Barby Ellen- McAtee (WV) 1916 Cox D

Barby Ellen- McAtee (WV) 1916 Cox D

[From: Folk-Songs of the South- 1925 by John Harrington Cox. His notes follow.

R. Matteson 2015]


16. BONNY BARBARA ALLEN (Child, No. 84)

Twelve variants have been found in West Virginia under various titles. A is a very close reproduction of Child B, stanza for stanza, with an added stanza at  the end not found in Child; B, in general, follows Child B, with two stanzas at the beginning not found anywhere in Child; C, D, E, J, agree closely with Child A;  the first three stanzas of E are like Child B, the next five, like Child A; the leaving of three rolls of money to Barbara in F indicates some connection with the ballad in Buchan's MS. Cf. Child II, 276, also West Virginia G 3; in H 2 the  lover defends himself, an incident not found in Child; for similar stanzas in American texts, see Smith, p. 13; Journal, xix, 286; xix, 287; xxn, 63; Campbell and Sharp, p. 90; Wyman and Brockway, p. 5; McGill, p. 39; Pound, p. 9.  In this connection it is interesting to note that one of the American texts makes  the lover acknowledge the charge as a just one (Journal, xx, 256).

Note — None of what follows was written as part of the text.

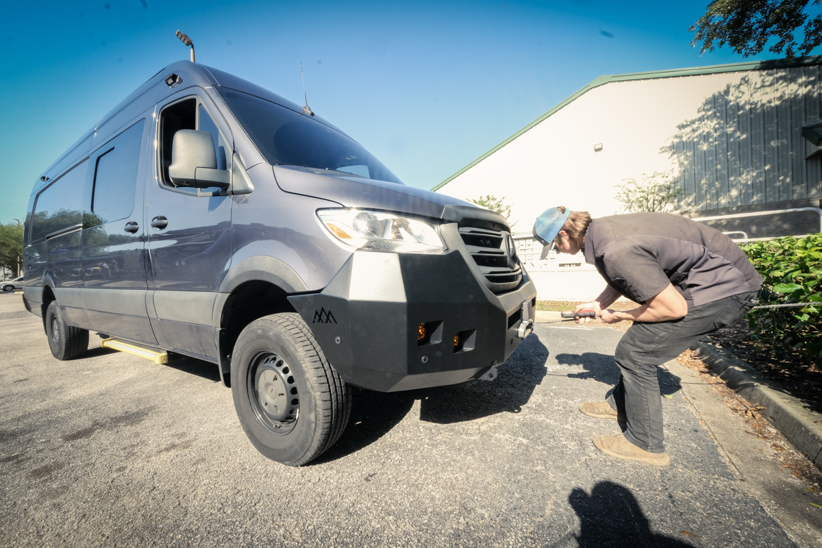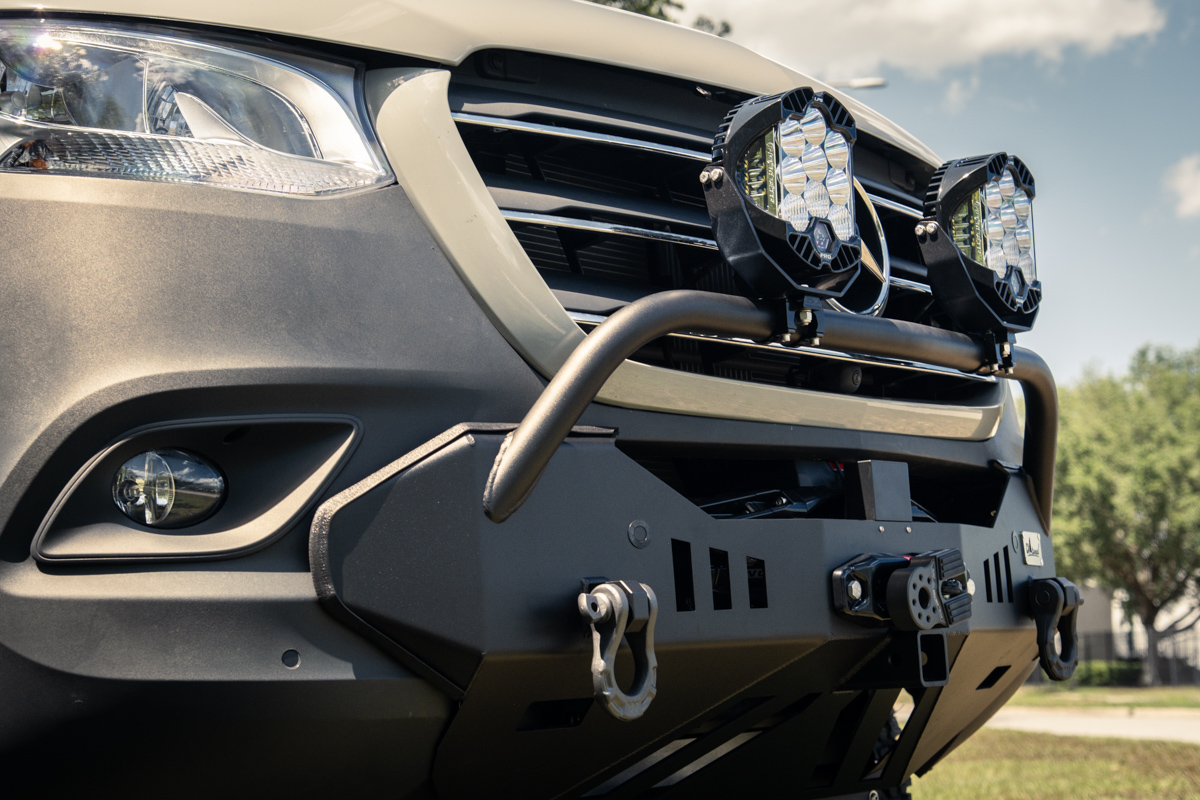 The original Backwoods Bumper for Mercedes Sprinters. This bumper provides a more aggressive look for your van. The bumper is equipped with mounting zone for Warn winch, 2 shackle hooks, 4 square light pockets, and full DEF tank protection.

For American texts, in song-books and in oral circulation, see references in  Journal, xxix, 160, Xxx, 317; Xxxv, 343. Add Focus, V, 282; Shoemaker,  p. 107; Pound, No. 3; Bulletin, Nos. 6-10; Minish MS.

D. "Barby Ellen."
Communicated by Mrs. Hilary G. Richardson, Clarksburg, Harrison County, 1916; obtained from Mrs. Nancy McDonald McAtee.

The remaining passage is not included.